AnswerDotAI / RAGatouille

Easily use and train state of the art late-interaction retrieval methods (ColBERT) in any RAG pipeline. Designed for modularity and ease-of-use, backed by research.
Apache License 2.0
3.03k stars 206 forks source link

Indexing fails with 'DLL load failed while importing decompress_residuals_cpp: The specified module could not be found.' #183

Closed teleoflexuous closed 7 months ago

teleoflexuous commented 7 months ago

I'm trying to index text via

from ragatouille import RAGPretrainedModel
from ragatouille.utils import get_wikipedia_page

RAG = RAGPretrainedModel.from_pretrained("colbert-ir/colbertv2.0")
my_documents = [get_wikipedia_page("Hayao_Miyazaki"), get_wikipedia_page("Studio_Ghibli")]
index_path = RAG.index(index_name="my_index", collection=my_documents)

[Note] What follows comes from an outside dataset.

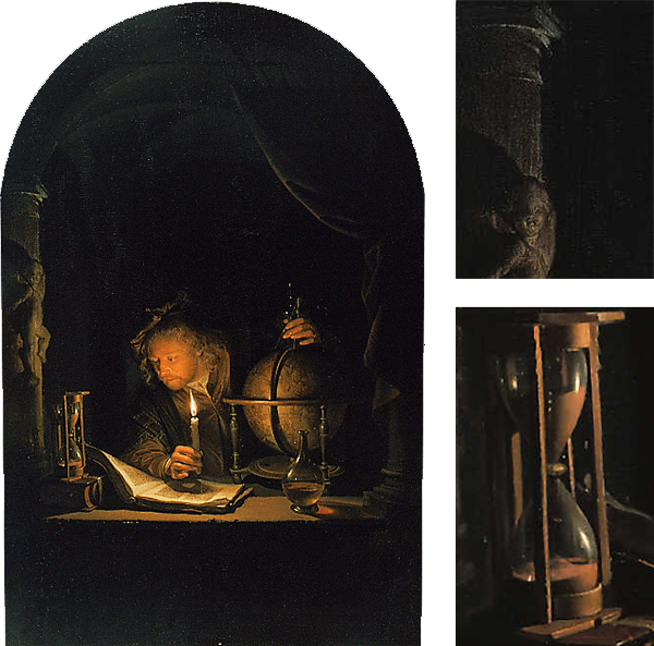 The hourglass at the figure's left, like the compass, was a common attribute of both geometry and astronomy. In addition, it serves as a reminder to make good use of time. Here the emphasis is on the assiduousness of the astronomer, who is hard at work late into the night.

It fails while loading 'decompress_residuals_cpp' inside colbert. I'm reporting the issue here, because somewhat similar, I think, issues were considered valid and resolved (?) here, like https://github.com/bclavie/RAGatouille/issues/60.

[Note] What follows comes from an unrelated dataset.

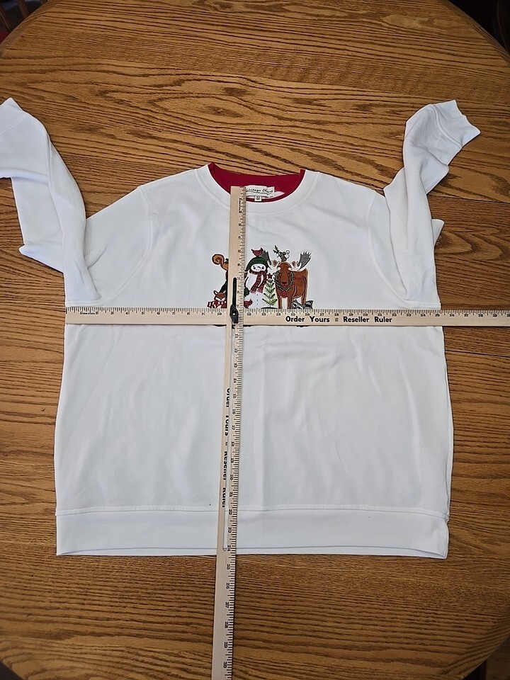 The Heritage Charm Christmas Crewneck Sweatshirt in Women's Size XL is a cozy and festive addition to your holiday wardrobe. Made from a blend of polyester and cotton, this white sweatshirt features an animal print pattern with embroidered accents, giving it a charming and unique look. The pullover style with a mock neck neckline and long sleeves makes it perfect for staying warm during the winter season. Whether you're wearing it for travel, activewear, casual outings, or workwear, this sweatshirt adds a touch of classic 90s style to your ensemble.

No index_name received! Using default index_name (colbert-ir/colbertv2.0_new_index)
---- WARNING! You are using PLAID with an experimental replacement for FAISS for greater compatibility ----
This is a behaviour change from RAGatouille 0.8.0 onwards.
This works fine for most users and smallish datasets, but can be considerably slower than FAISS and could cause worse results in some situations.
If you're confident with FAISS working on your machine, pass use_faiss=True to revert to the FAISS-using behaviour.
--------------------

[Mar 31, 12:47:13] #> Note: Output directory .ragatouille/colbert\indexes/colbert-ir/colbertv2.0new_index already exists

[Mar 31, 12:47:13] #> Will delete 1 files already at .ragatouille/colbert\indexes/colbert-ir/colbertv2.0new_index in 20 seconds...
[Mar 31, 12:47:35] [0]           #> Encoding 651 passages..
[Mar 31, 12:47:42] [0]           avg_doclen_est = 178.21812438964844     len(local_sample) = 651
[Mar 31, 12:47:42] [0]           Creating 4,096 partitions.
[Mar 31, 12:47:42] [0]           *Estimated* 116,019 embeddings.
[Mar 31, 12:47:42] [0]           #> Saving the indexing plan to .ragatouille/colbert\indexes/colbert-ir/colbertv2.0new_index\plan.json ..
used 20 iterations (3.2569s) to cluster 110219 items into 4096 clusters
[Mar 31, 12:47:46] Loading decompress_residuals_cpp extension (set COLBERT_LOAD_TORCH_EXTENSION_VERBOSE=True for more info)...
c:\(...)\pypoetry\Cache\virtualenvs\my_project-9wt2rQWL-py3.12\Lib\site-packages\torch\utils\cpp_extension.py:381: UserWarning: Error checking compiler version for cl: [WinError 2] The system cannot find the file specified
  warnings.warn(f'Error checking compiler version for {compiler}: {error}')
INFO: Could not find files for the given pattern(s).
PyTorch-based indexing did not succeed with error: Command '['where', 'cl']' returned non-zero exit status 1. ! Reverting to using FAISS and attempting again...
________________________________________________________________________________       
WARNING! You have a GPU available, but only `faiss-cpu` is currently installed.        
 This means that indexing will be slow. To make use of your GPU.
Please install `faiss-gpu` by running:
pip uninstall --y faiss-cpu & pip install faiss-gpu
 ________________________________________________________________________________      
Will continue with CPU indexing in 5 seconds...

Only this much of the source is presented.